About 250 institutio­ns receiving federal student aid earned accreditat­ion through the agency determined unfit to oversee them. More than 100 career colleges in Florida bear the agency’s seal of approval, Curtis said.

The U.S. Department of Education said the agency, the Accreditin­g Council for Independen­t Colleges and Schools, failed to properly monitor the institutio­ns it approved and was too lax on student achievemen­t standards, among other violations.

“What this decision reflects is the fact that ACICS was an agency that for years was little more than a rubber stamp for some highly problemati­c colleges,” said Ben Miller, senior director for postsecond­ary education at the Center for American Progress.

His Washington, D.C.-based organizati­on released a report in June that found 90 instances when the agency named campuses or colleges to its honor roll about the same time the state or federal government was investigat­ing them.

That included FastTrain College in Miami.

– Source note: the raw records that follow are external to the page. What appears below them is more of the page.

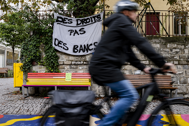 Lausanne inaugure des bancs aux couleurs arc-en-ciel et trans dans le cadre de sa politique LGBTIQ+.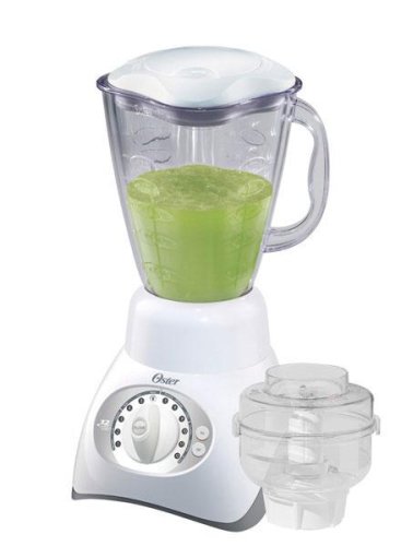 - Oster 12-speed blender and food processor/chopper combo; sleek white looks stylish in modern kitchens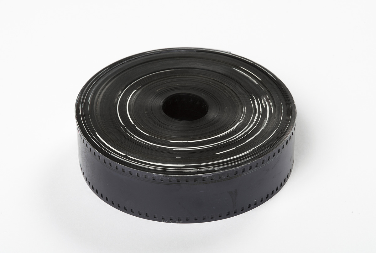 Pellicola cinematografica avvolta in una bobina il cui perimetro esterno si presenta tinto di grigio. L’aggiunta di una “coda” di pellicola colorata, ottenuta in laboratorio per imbibizione, serviva ai proiezionisti per distinguere a colpo d’occhio l’inizio dalla fine del film: un dialogo tra pittura e cinema intrinseco agli strumenti tecnici della sua proiezione (cfr. inv. 20, 22, 23).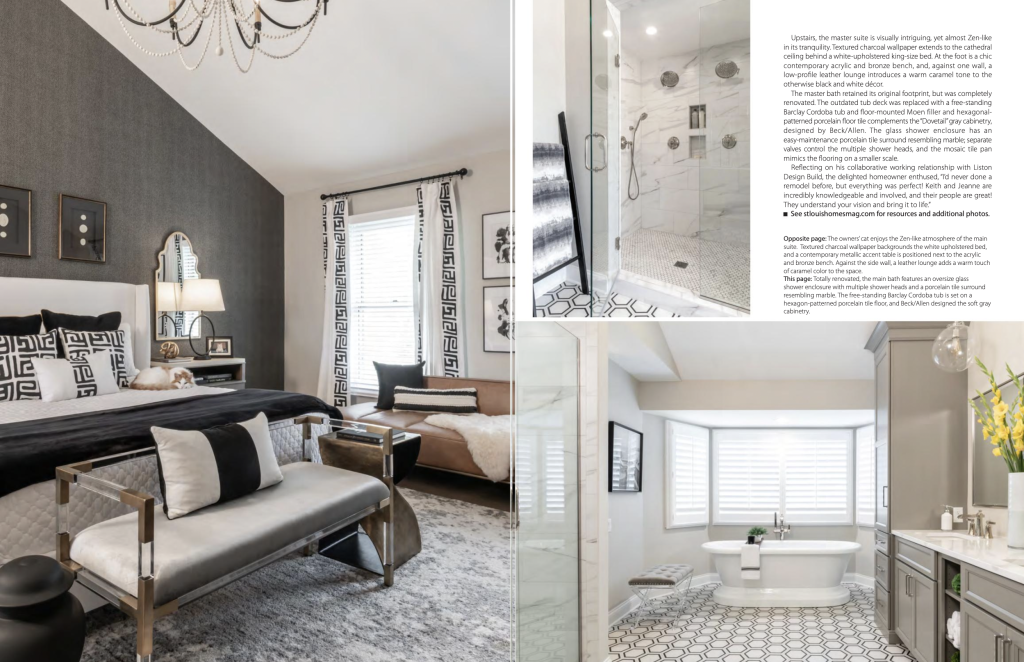 Guiding principles of the renovation led by Keith and Jeanne Liston included the homeowners’ chosen high-contrast palette consisting of black, white and gray. The project was a next step for this St. Louis couple looking to downsize and took the opportunity to bring their personal list of long-awaited design concepts to fruition.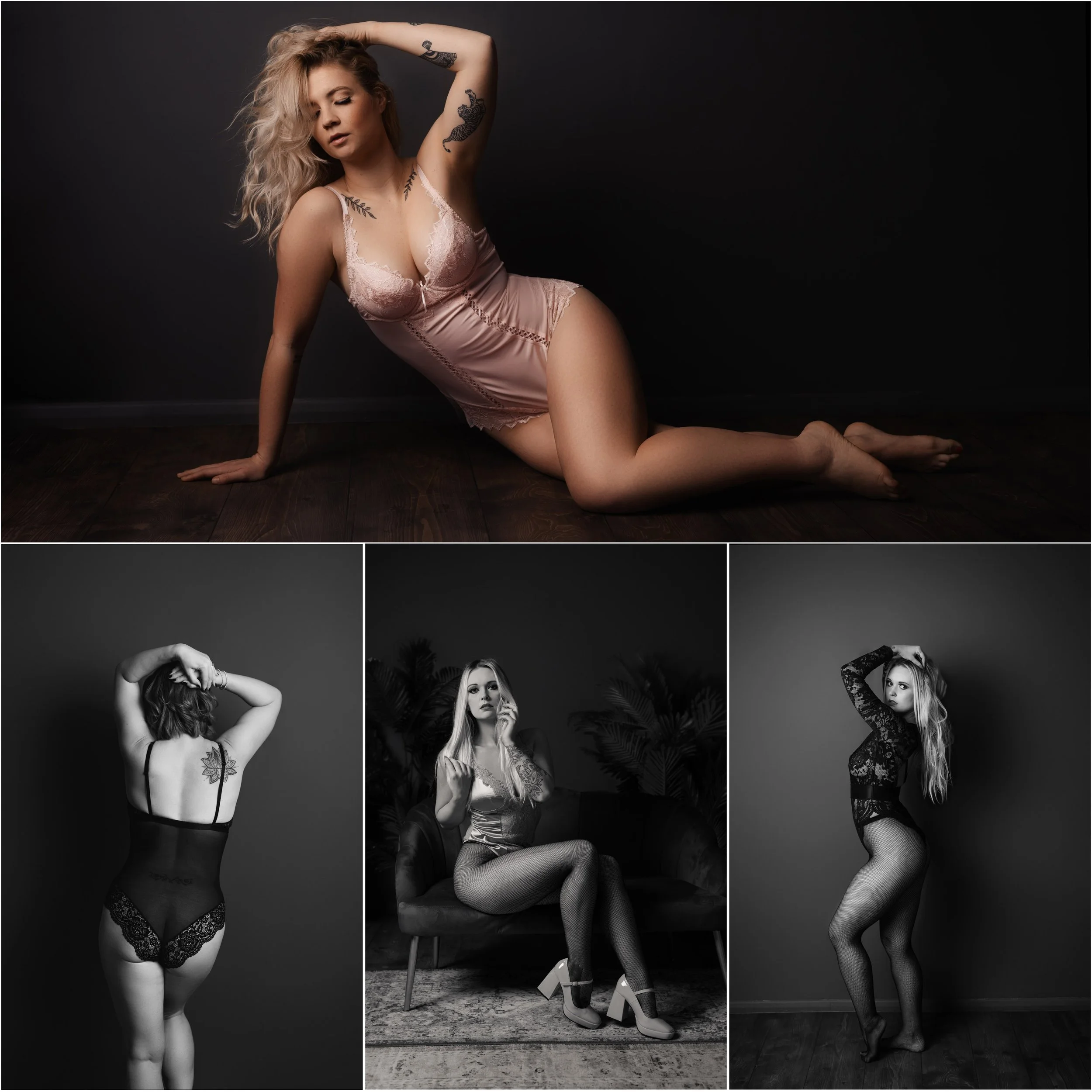 A bodysuit works well for lots of poses and flatters all body shapes. A lot of the poses will show your stomach, so if you are a little conscious about your stomach area, a body is the answer! Some of the poses will also naturally show skin folds and rolls, which are 100% natural but a lot of ladies don’t like to see them in photographs of themselves, again, body suits are ideal for this.

The U.S. Department of Justice filed a complaint against the institutio­n in 2014, saying that it hired strippers and attractive women to persuade men to enroll. The former president was later convicted of stealing millions in federal financial aid, according to the report.

“It gets named on [the agency’s] honor roll, and a year later it’s being raided by the FBI for fraud,” Miller said.

The council also accredited Corinthian Colleges, which was ordered in March to pay more than $1 billion for defrauding its students.

The agency appealed the Department of Education’s decision, but Secretary John B. King Jr. rejected it, writing that the council “is not capable of coming into compliance within 12 months or less.” It has appealed the decision in federal court.

Advocates for the agency argue that the decision is an unfair slight on the for-profit college industry that will shutter independen­t schools across the nation.

Colleges under the agency’s watch do not automatica­lly lose their status: they have 18 months to find another agency to accredit them before the government cuts off their financial aid as long as they agree to follow federal requiremen­ts in the meantime.

Florida Technical College, for example, is currently pursuing accreditat­ion through a different agency, said James Michael Burkett, president.

But Steve Gunderson, president and CEO of Career Education Colleges and Universiti­es, said many schools won’t be able to earn accreditat­ion in time.

Getting new accreditat­ion costs up to $50,000 per campus, a price tag that may doom some institutio­ns on its own, he said.

And theres’s no guarantee that they’ll secure the status. Other accreditat­ion agencies will be overloaded with requests from schools searching to regain their status, he said.

“Because of the number of schools accredited by ACICS, there is no way that all of these schools can transfer their accreditat­ion during an 18-month period,” he said.